For both models we get an $R^2$ of `r round(summary(fitquad1)$r.squared, 3)`. This reflects a substantial increase compared to the linear fit. 

Both `lm()` and `morals()` calls lead to the same results even though in the LM fit we get 2 slope parameters (one for the linear term and one for the quadratic term), whereas in `morals()` we only get a single one. 

In the `morals()` call we specified a linear transformation for the response and a quadratic transformation for the predictor which leads to a quadratic regression fit (see `plot(fitquad2, plot.type = "transplot")`). Internally, `morals()` scales both variables according to these transformation functions in a way such that their relationship becomes linear (sometimes called *bilinearizability*; see top panel of the figure above). The parameter we get from the `morals()` output reflects the slope of this line. The sign of this parameter is irrelavant since it can happen that, based on the starting values used for the OS process, the sign of the transformed age scores can be switched.

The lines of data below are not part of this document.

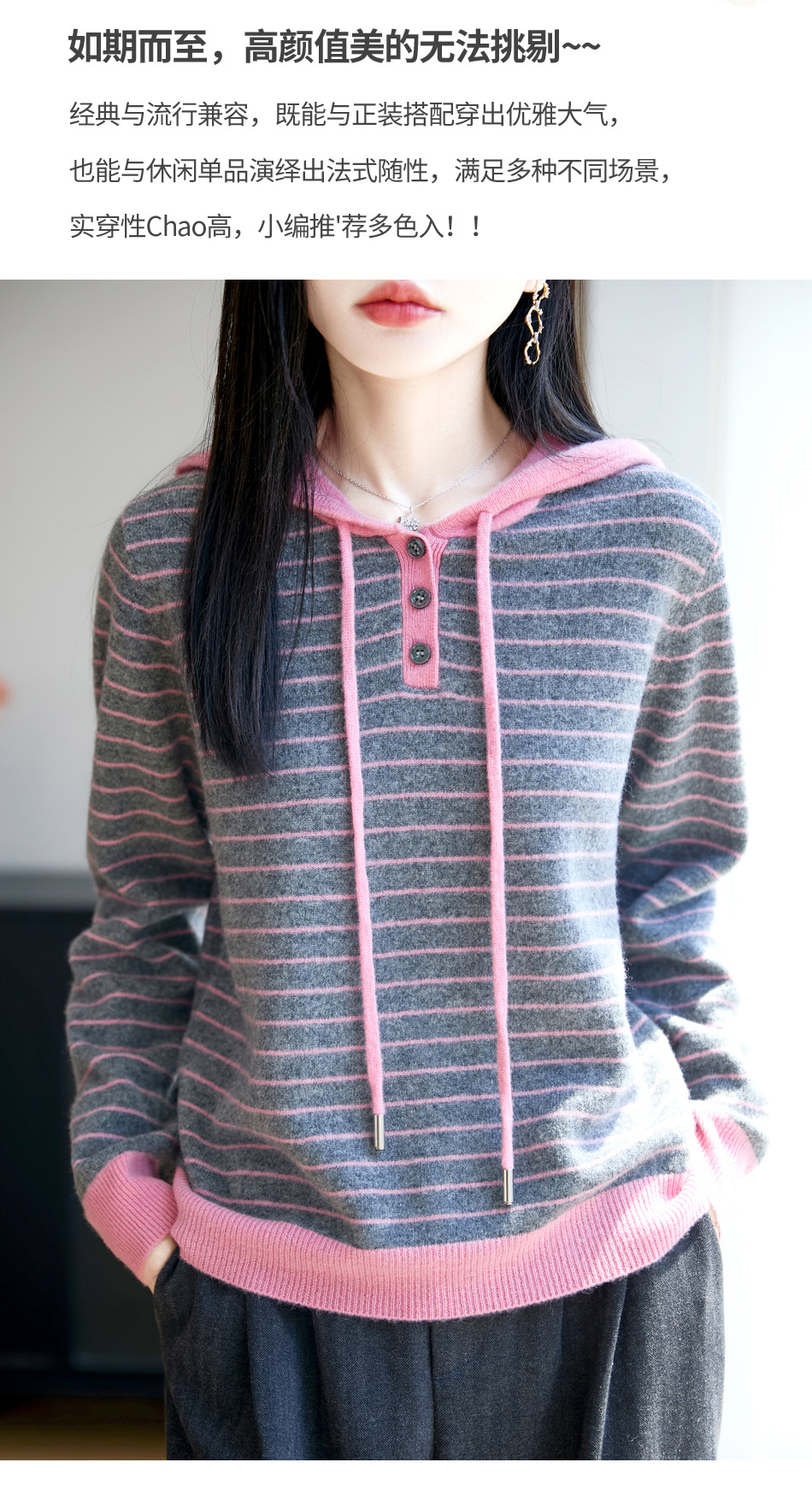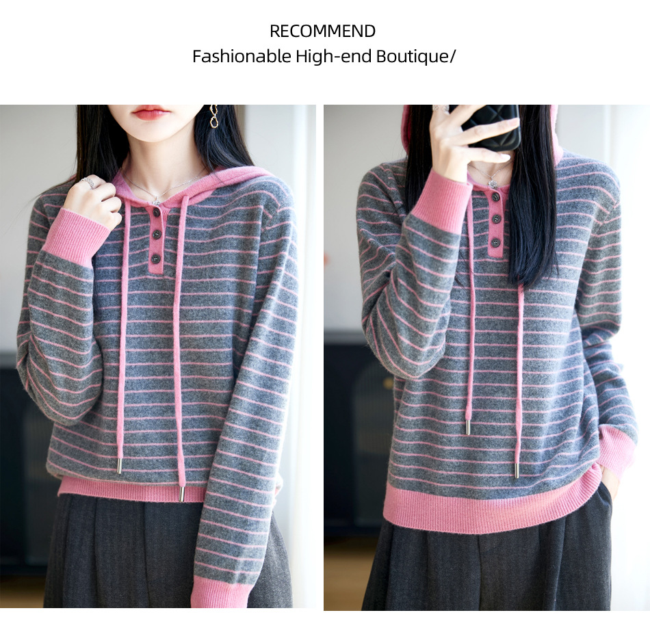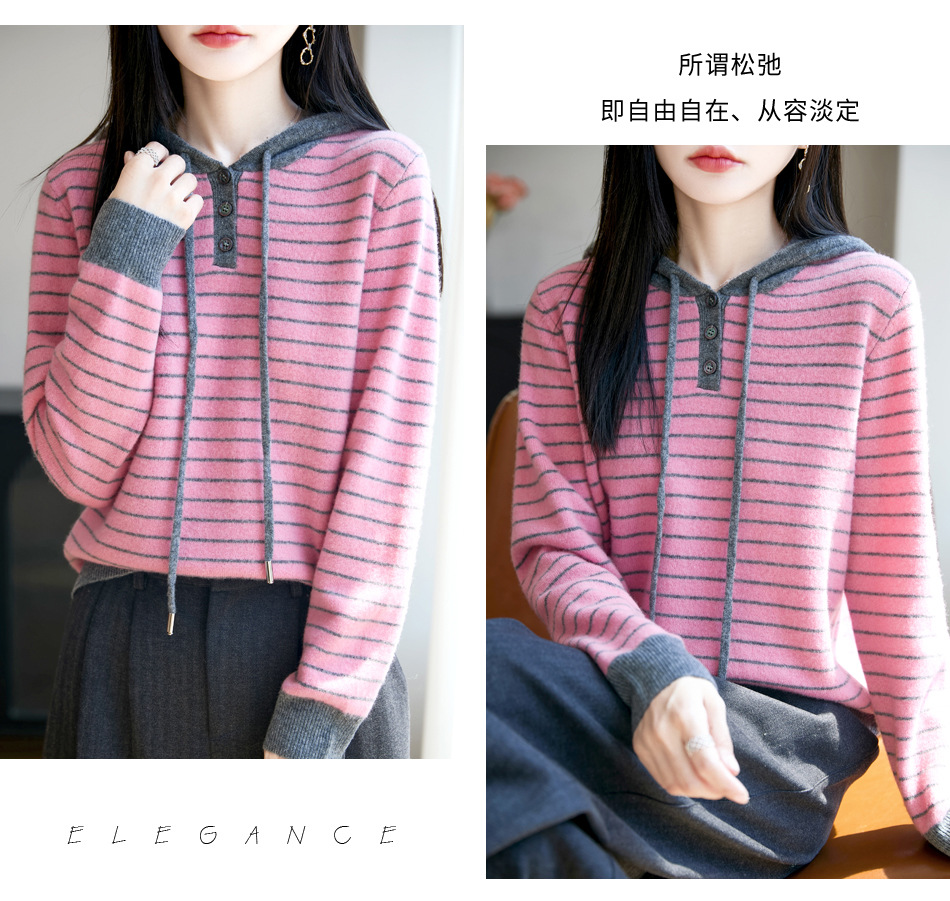 雀说100%纯羊毛衫女连帽卫衣秋冬新款慵懒风宽松上衣外套针织衫帽衫AL467 商品图3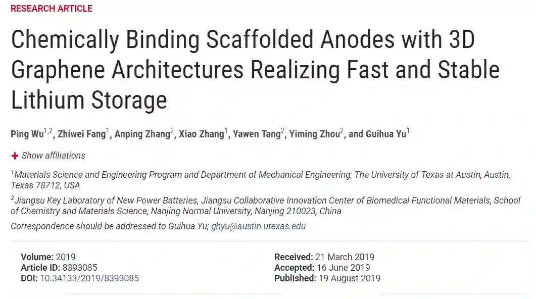 利用3D石墨烯架构和支架阳极进行化学键结合,实现快速和稳定的锂存储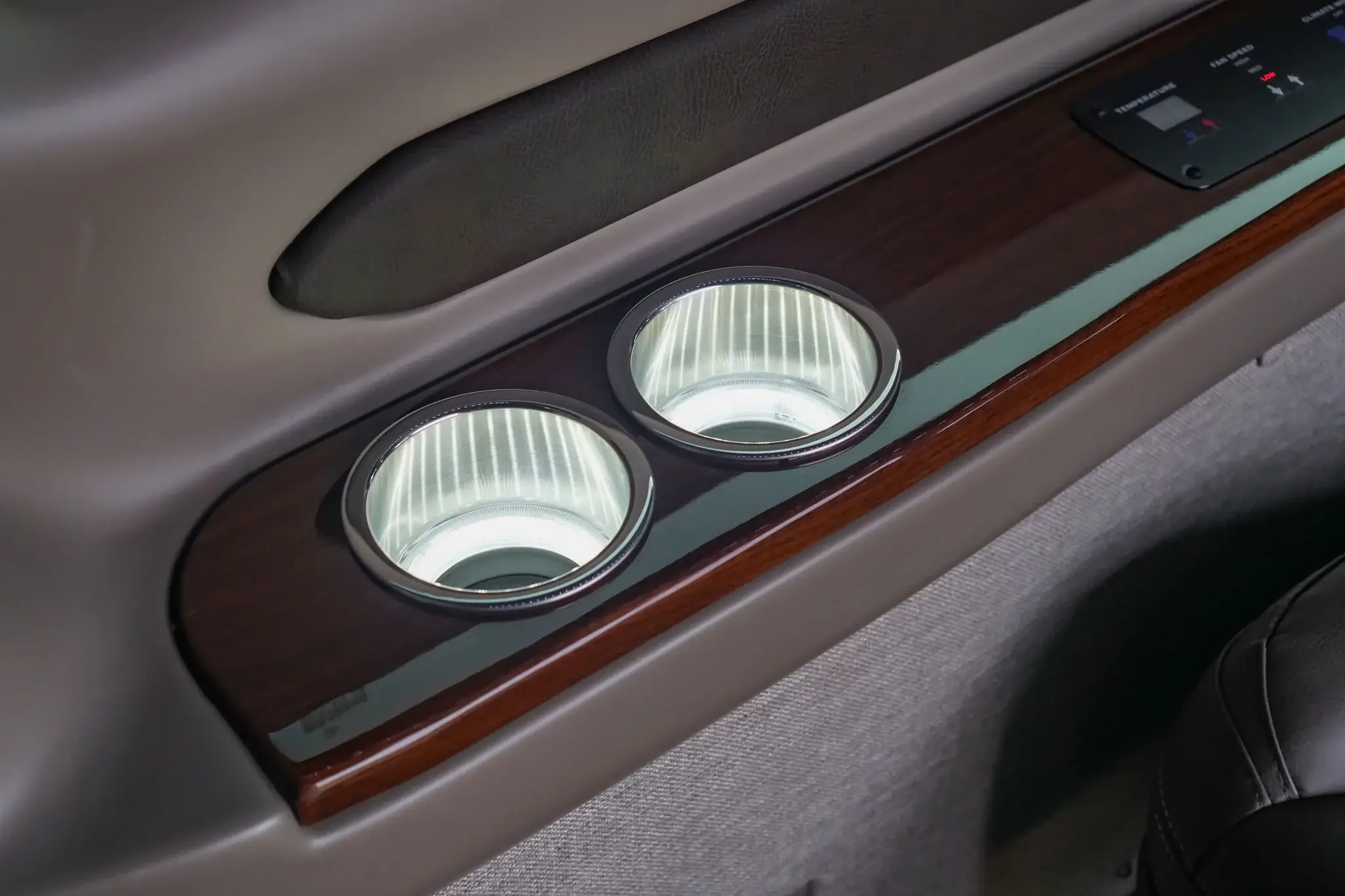 • Ambient lighting, illuminated cup holders, and privacy window shades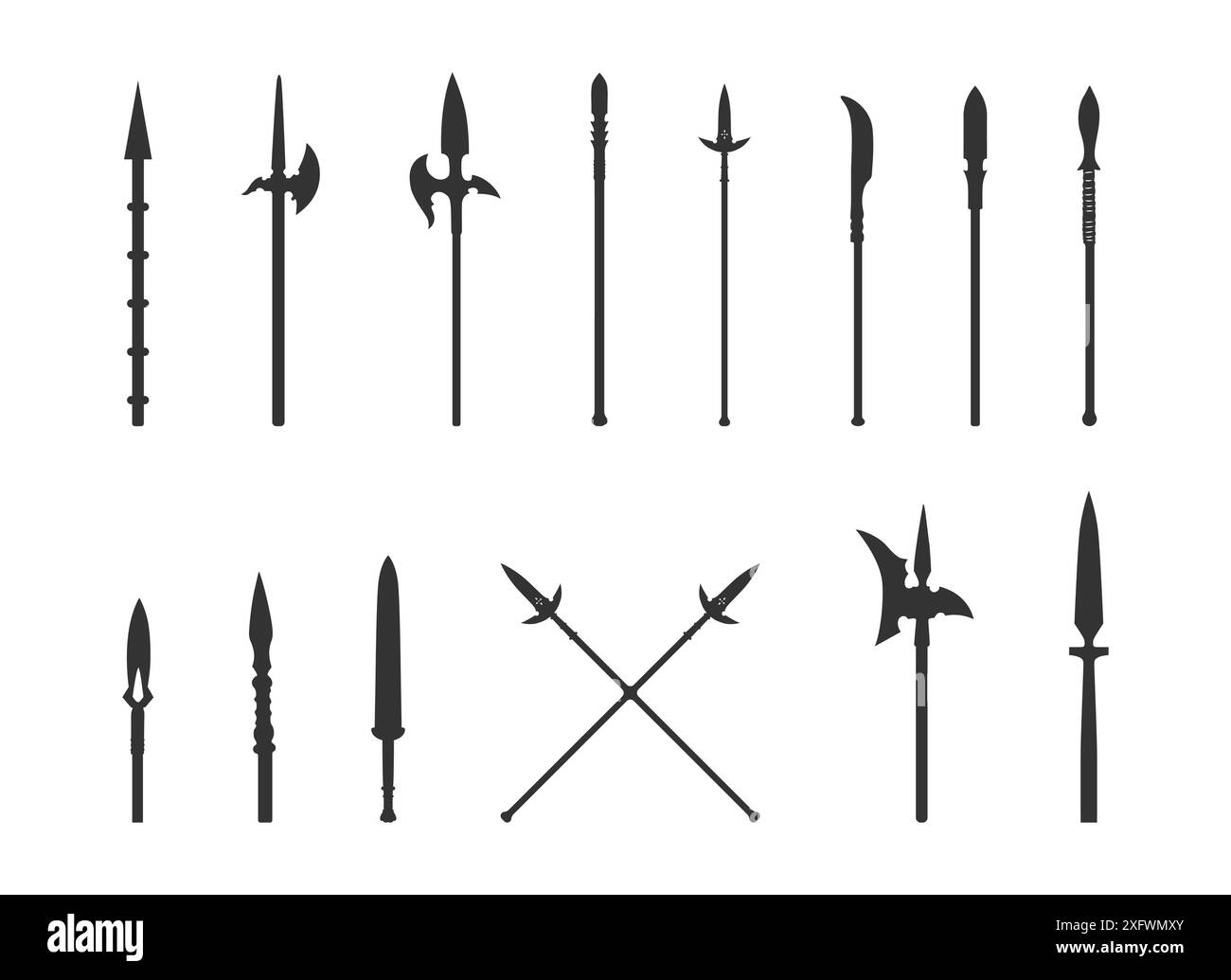 Spear silhouettes, Ancient spear silhouette, Spear vector illustration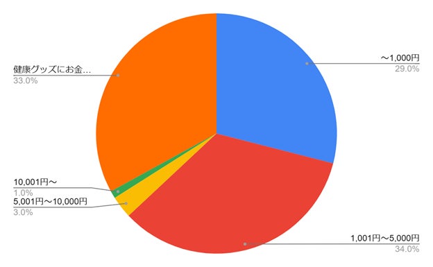 また、健康グッズにお金を使わない人が33%と一定数存在することもわかりました。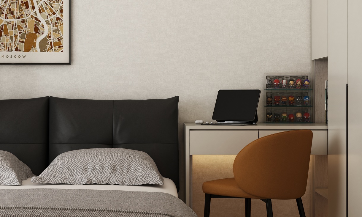 酷酷的男孩卧室,采用十字格设计主题,在没有多余空间给床头柜的情况下,更适合斯帝罗兰010床出场,暗藏玄机的羽绒靠包下,额外提供两个收纳空间,挂画和书椅颜色呼应,床和小狗音响颜色呼应,床头造型和衣柜门板造型呼应,让整个空间充满互动性。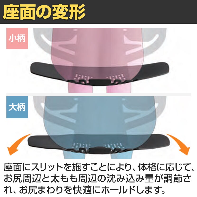 座面前方は太ももを圧迫しないように柔らかく、後方はお尻をしっかりサポートする硬めのクッションを採用。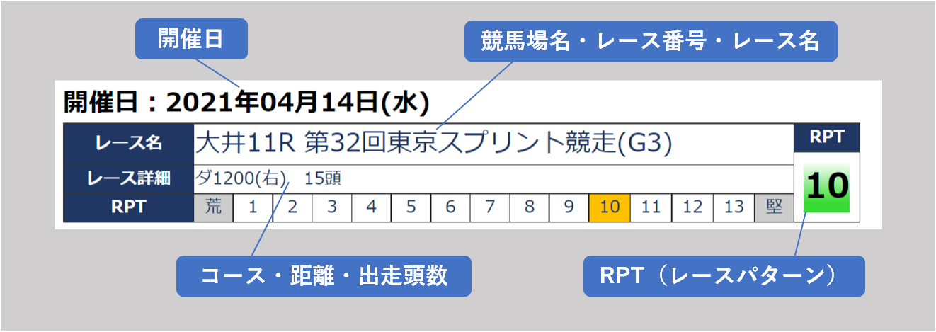 レース波乱度を表す競馬クラスター独自指標です。RPTは1~13まで存在し、数字が大きいほど堅い決着になりやすい特徴があります。RPTの背景色は3連単の『平均配当』を基準とし、平均配当が高くなるにつれて青→緑→赤に変化します。同じRPTの中でも堅いレース・荒れるレースを判断する参考にして下さい。

If we produce the scatterplot with the original age scale we see what we actually fitted (bottom panel of the figure above): a quadratic regression where the granularity score decreases for the younger participants and increases for the older ones. On the y-axis we plot the transformed (i.e., standardized) response in order to be able to picture the curve. A cubic regression can be fitted by setting `xdegrees=3`. 

## Piecewise Linear Regression

The next model we fit is a **piecewise linear regression**. That is, we want to fit two lines which connect at a particular age knot. In spline terminology we fit a spline of degree 1 with one interior knot. Using the knots utility function for setting quantile knots, it places the knot at the median.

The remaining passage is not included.